The City of Burnside acknowledges that possums are prevalent in the Burnside area and they can cause significant distress to some residents. Possums are native to this area and we would like to find ways to live harmoniously together. Although possums may cause disruptions when they decide to inhabit your property, they are not unmanageable. The City of Burnside offers the following solutions to residents.
Image: Natural Resources Adelaide and Mt Lofty Ranges.
Possum Nest Boxes
The clearing of Adelaide’s original bushland has resulted in the loss of natural nesting hollows in old trees.
We can mimic natural hollows by installing nesting boxes to help provide possum homes and deter them from living in roof cavities by supplementing naturally occurring hollows with nesting boxes, providing native food plants and retaining vegetation corridors you are sustainably supporting these extraordinary suburban neighbours.
When installing a nest box remember to locate it high enough to avoid threats from dogs, cats, rats and foxes (4 - 8 m), but still at a height where the box can be maintained. The box entrance needs to face away from the hot sun, and also positioned to avoid the wettest winds. Positioning an artificial hollow under a leafy canopy will also provide natural shade.
Private Contractor Services
Pest controllers providing a possum removal service require a permit from the Department of Environment, Water and Natural Resources. This permit grants approval for a pest controller to trap and release possums on behalf of the landholder onto the landholder’s property within 50 metres of the capture site. Ask the pest controller to show you a copy of their permit or ask for their permit number.
Council has a number of brochures available for private contractors who can provide possum services to you at a fee. Brochures are supplied for the convenience of residents and do not imply any form of endorsement by The City of Burnside of the products or services provided by that person or organisation.
Possum traps allow for the removal of possums from your roof cavity so that you may block up access points. Once a possum is trapped it is illegal to remove it from your property and therefore must be released back into your property, within 50 metres of the capture site, within 24 hours.

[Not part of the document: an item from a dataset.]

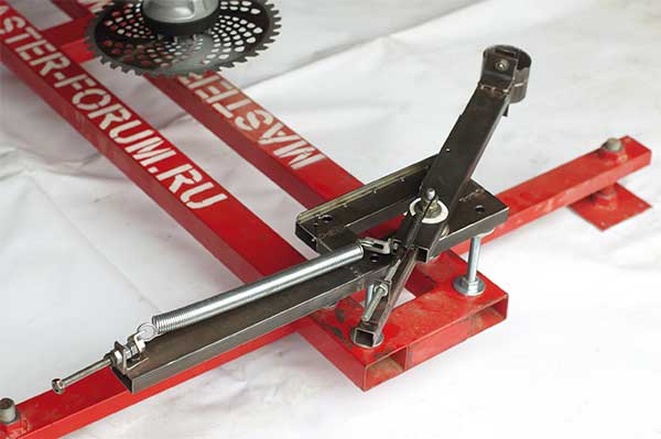 Для имитации такого удара мы расположили на стенде жестко установленную мотокосу под рабочим углом – собственно, так, как ее держит в руках косарь; с диском в плоскости, параллельной земле (хотя это не принципиально, просто для удобства и наглядности). Рядом с диском на раме стенда смонтировали ударный маятник, приводимый в движение пружиной. На подвижном рычаге маятника закрепили отрезок круглой трубы диаметром 60 мм, имитирующей заборный столбик. Маятник взводился, пружина натягивалась, после чего удерживающая чека освобождала маятник и его рычаг с отрезком трубы бил в горизонтальной плоскости по вращающемуся с рабочей скоростью диску.

It is also illegal to trap possums without a permit.
Possum traps are available for hire from the City of Burnside Customer Service Desk for a maximum period of 14 days. A current permit to trap and Release Fauna must be presented to our Customer Service Staff in order to hire a possum trap.

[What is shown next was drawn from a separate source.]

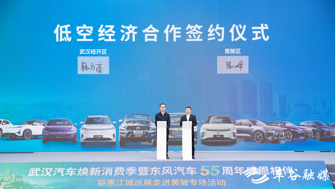 活动上,武汉经开区、东风汽车产业协作办分别与黄陂区签订低空经济合作协议和产业合作协议,东风汽车旗下各品牌商与甘露山文创城等黄陂文旅企业签订项目品牌合作协议。东风卓联公司相关负责人现场宣讲国家、湖北省汽车以旧换新购车政策、中国车谷品牌运营中心汽车消费券政策。

A permit form may be obtained from our Customer Service Desk or the Department for Environment, Water and Natural Resources. Please note that permit applications must be sent to the Department for Environment, Water and Natural Resources for processing, they cannot be processed by council staff.

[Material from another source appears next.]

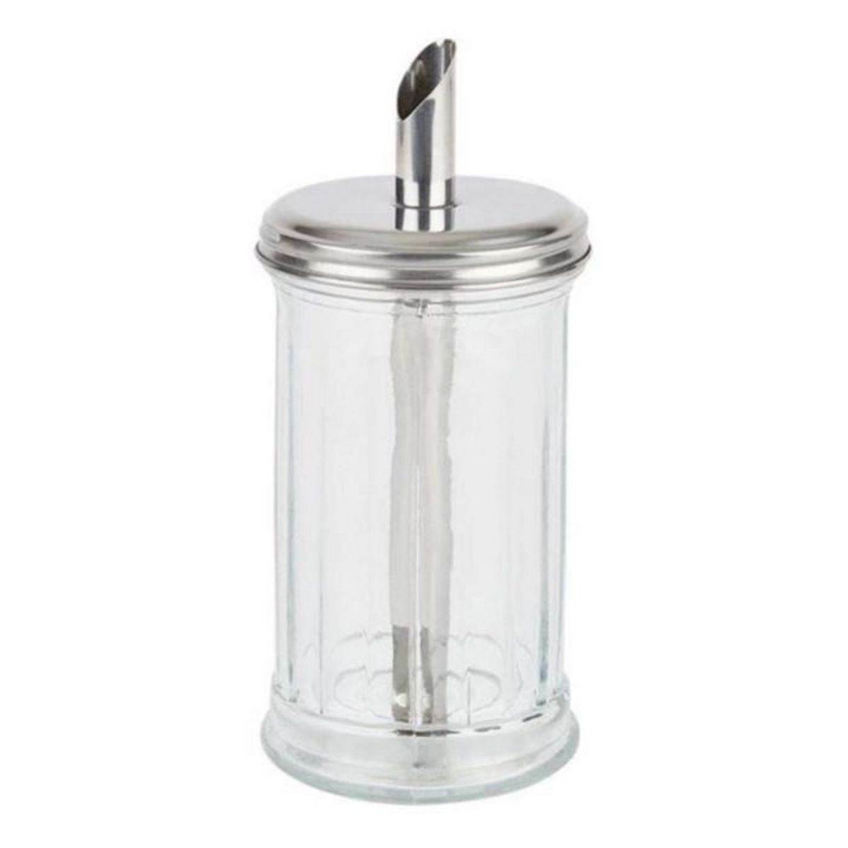 Informations Techniques : Dimensions : D. 7,5 x H. 17,5 cm Matières : Inox & Verre Spécificités : Pratique & Utile Sucrier Doseur Forme Ronde Avec Bec Verseur Contenance : 275 ml Poids : 0,33 kg Couleur : Transparent & Argent

Refer to Fees and Charges.
- Possum problems and living with possums in urban areas visit Environment SA
- Permits to Trap and Release Fauna: please contact the Environment SA Information Line on 8204 1910 or visit Environment SA
- Hiring possum traps: please contact our Customer Service Desk on 8366 4200
- Alternatively possum traps are also available for hire from the Magill Grain Store 8331 8159
Injured or Orphaned Possums
Contact the Fauna Rescue of SA Inc. 24 hour Wildlife Volunteer Helpline on 8289 0896 for advice or visit their website Fauna Rescue of SA Inc.
For further information, please contact the Customer Service Centre on 8366 4200.
Decline in Possum Numbers
The Department for Environment and Heritage has identified that the Common Brushtail Possum has suffered a significant decline in abundance and reduction in its range across South Australia and suspects that these trends are continuing.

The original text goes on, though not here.